EXERCISE DESCRIPTION | Of the lines in the material below, print only those from the one containing "Hangversenyterem, mellvédburkolat parkettából" to the one containing "Am ersten Augustwochenende", ends included, exactly as written and without pictures.

TASK INPUTS |
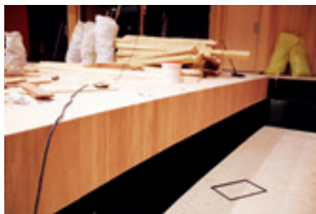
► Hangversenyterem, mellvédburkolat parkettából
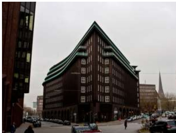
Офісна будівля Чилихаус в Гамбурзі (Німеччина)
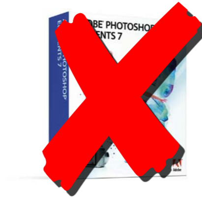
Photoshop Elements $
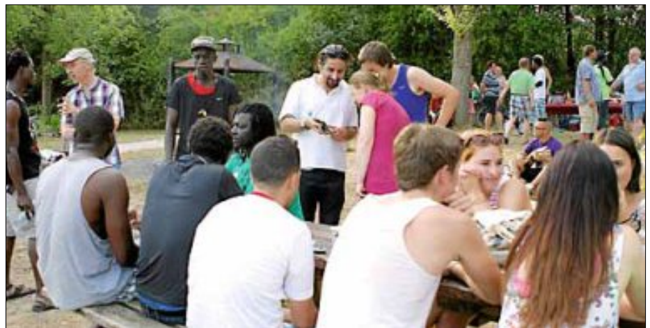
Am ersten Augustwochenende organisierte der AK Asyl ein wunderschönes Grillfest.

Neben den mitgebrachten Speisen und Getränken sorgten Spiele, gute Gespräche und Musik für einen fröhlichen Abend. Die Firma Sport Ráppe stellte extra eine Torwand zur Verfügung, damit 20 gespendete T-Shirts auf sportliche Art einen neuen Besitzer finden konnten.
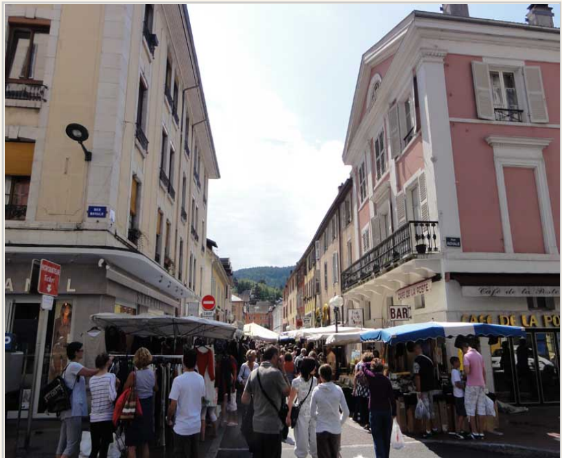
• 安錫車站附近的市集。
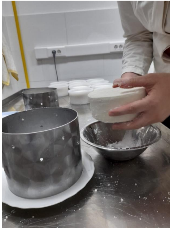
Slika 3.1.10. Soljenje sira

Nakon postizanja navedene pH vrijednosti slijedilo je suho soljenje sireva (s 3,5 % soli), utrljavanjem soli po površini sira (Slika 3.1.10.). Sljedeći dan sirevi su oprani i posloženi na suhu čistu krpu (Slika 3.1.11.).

* * *

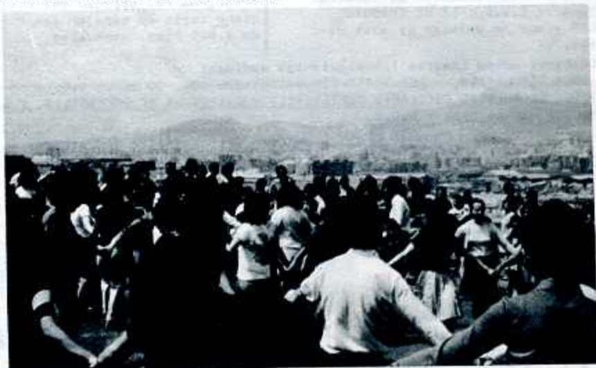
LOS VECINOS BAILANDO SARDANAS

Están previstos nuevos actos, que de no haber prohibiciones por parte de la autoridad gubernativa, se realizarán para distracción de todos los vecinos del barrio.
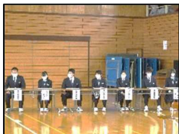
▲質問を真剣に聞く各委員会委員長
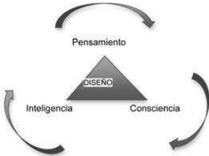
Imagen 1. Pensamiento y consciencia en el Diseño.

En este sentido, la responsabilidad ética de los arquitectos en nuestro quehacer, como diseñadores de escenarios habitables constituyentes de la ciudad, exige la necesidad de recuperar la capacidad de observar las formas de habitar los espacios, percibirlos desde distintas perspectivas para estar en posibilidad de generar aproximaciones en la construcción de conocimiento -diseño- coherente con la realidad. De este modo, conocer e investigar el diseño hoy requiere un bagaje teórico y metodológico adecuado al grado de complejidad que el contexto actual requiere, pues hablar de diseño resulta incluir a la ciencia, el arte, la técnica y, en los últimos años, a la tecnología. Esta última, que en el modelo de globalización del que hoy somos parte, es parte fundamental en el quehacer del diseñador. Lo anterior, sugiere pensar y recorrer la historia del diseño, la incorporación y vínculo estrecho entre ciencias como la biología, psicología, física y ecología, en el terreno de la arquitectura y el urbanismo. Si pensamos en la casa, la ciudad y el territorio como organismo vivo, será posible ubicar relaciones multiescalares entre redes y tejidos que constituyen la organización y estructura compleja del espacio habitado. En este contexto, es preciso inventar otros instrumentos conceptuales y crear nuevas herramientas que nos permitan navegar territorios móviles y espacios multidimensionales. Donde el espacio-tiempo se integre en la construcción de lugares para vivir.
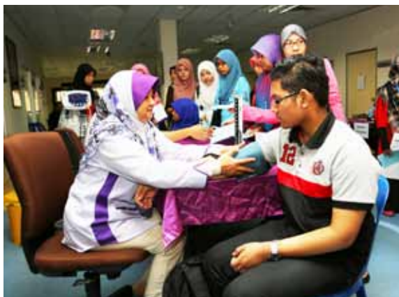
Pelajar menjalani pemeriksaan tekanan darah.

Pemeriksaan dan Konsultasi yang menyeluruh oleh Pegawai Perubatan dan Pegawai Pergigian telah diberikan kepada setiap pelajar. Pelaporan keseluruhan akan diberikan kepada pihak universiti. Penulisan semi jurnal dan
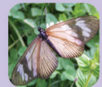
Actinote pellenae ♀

--

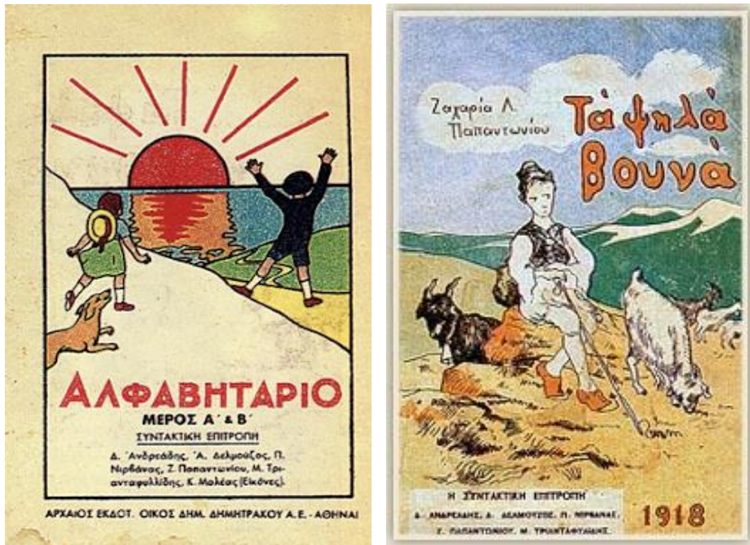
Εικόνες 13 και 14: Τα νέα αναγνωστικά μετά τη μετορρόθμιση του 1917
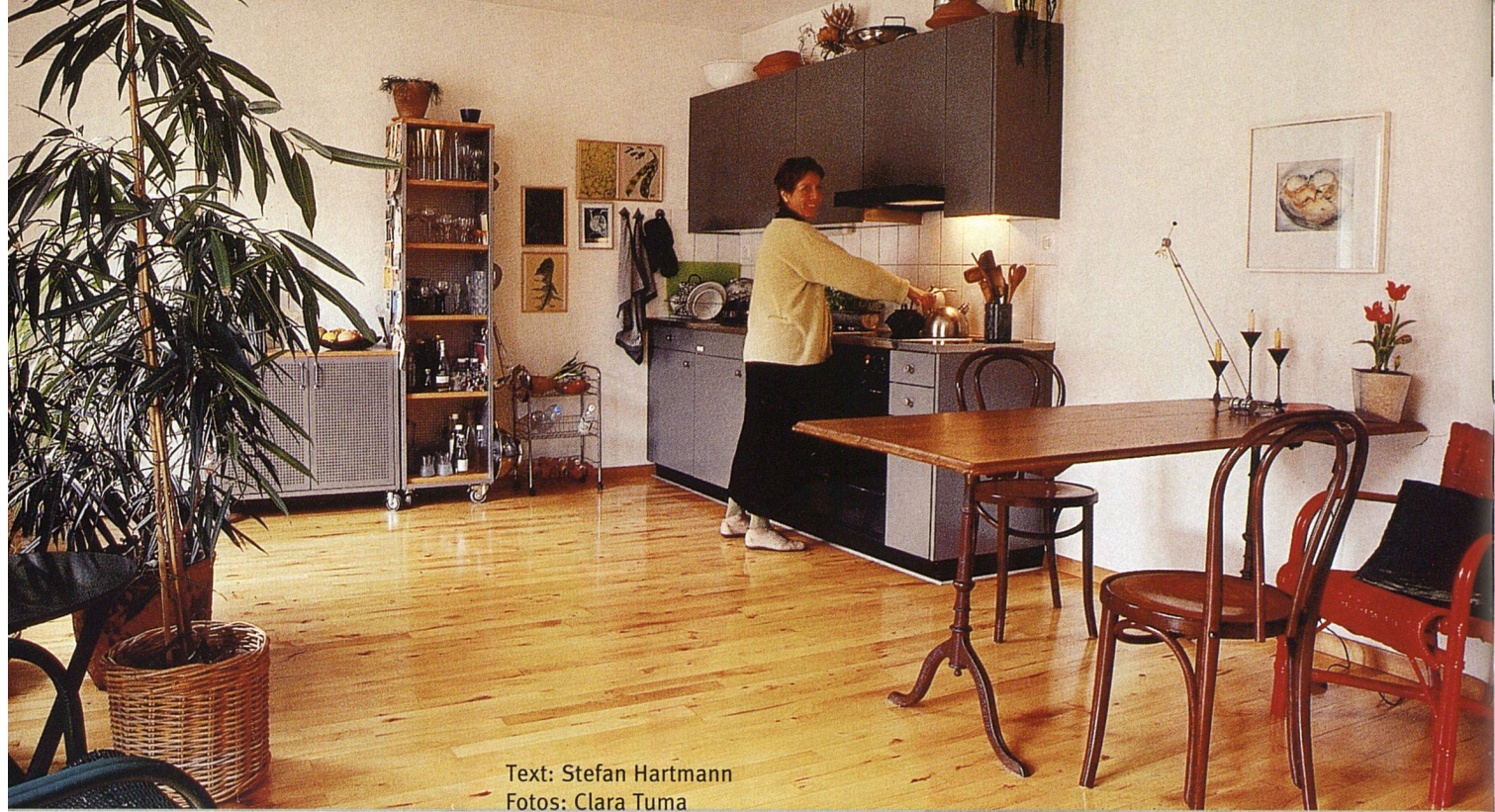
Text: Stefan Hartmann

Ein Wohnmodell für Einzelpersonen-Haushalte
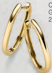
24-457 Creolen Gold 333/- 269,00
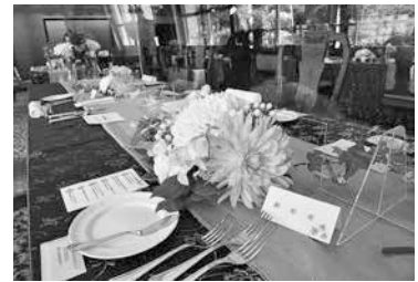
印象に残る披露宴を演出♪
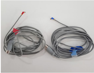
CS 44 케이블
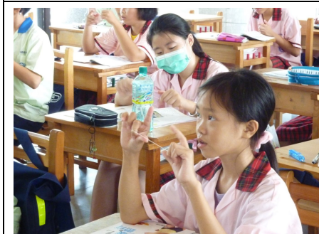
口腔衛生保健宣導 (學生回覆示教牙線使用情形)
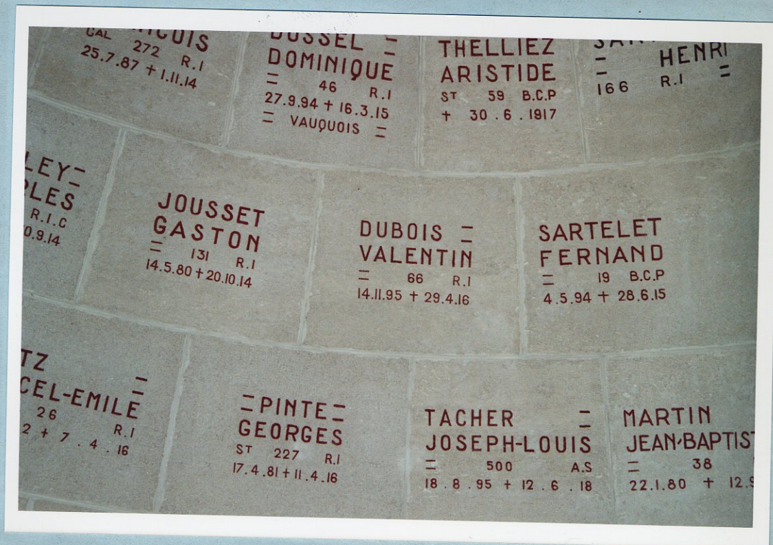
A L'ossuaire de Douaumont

REPLY |
► Hangversenyterem, mellvédburkolat parkettából
Офісна будівля Чилихаус в Гамбурзі (Німеччина)
Photoshop Elements $
Am ersten Augustwochenende organisierte der AK Asyl ein wunderschönes Grillfest.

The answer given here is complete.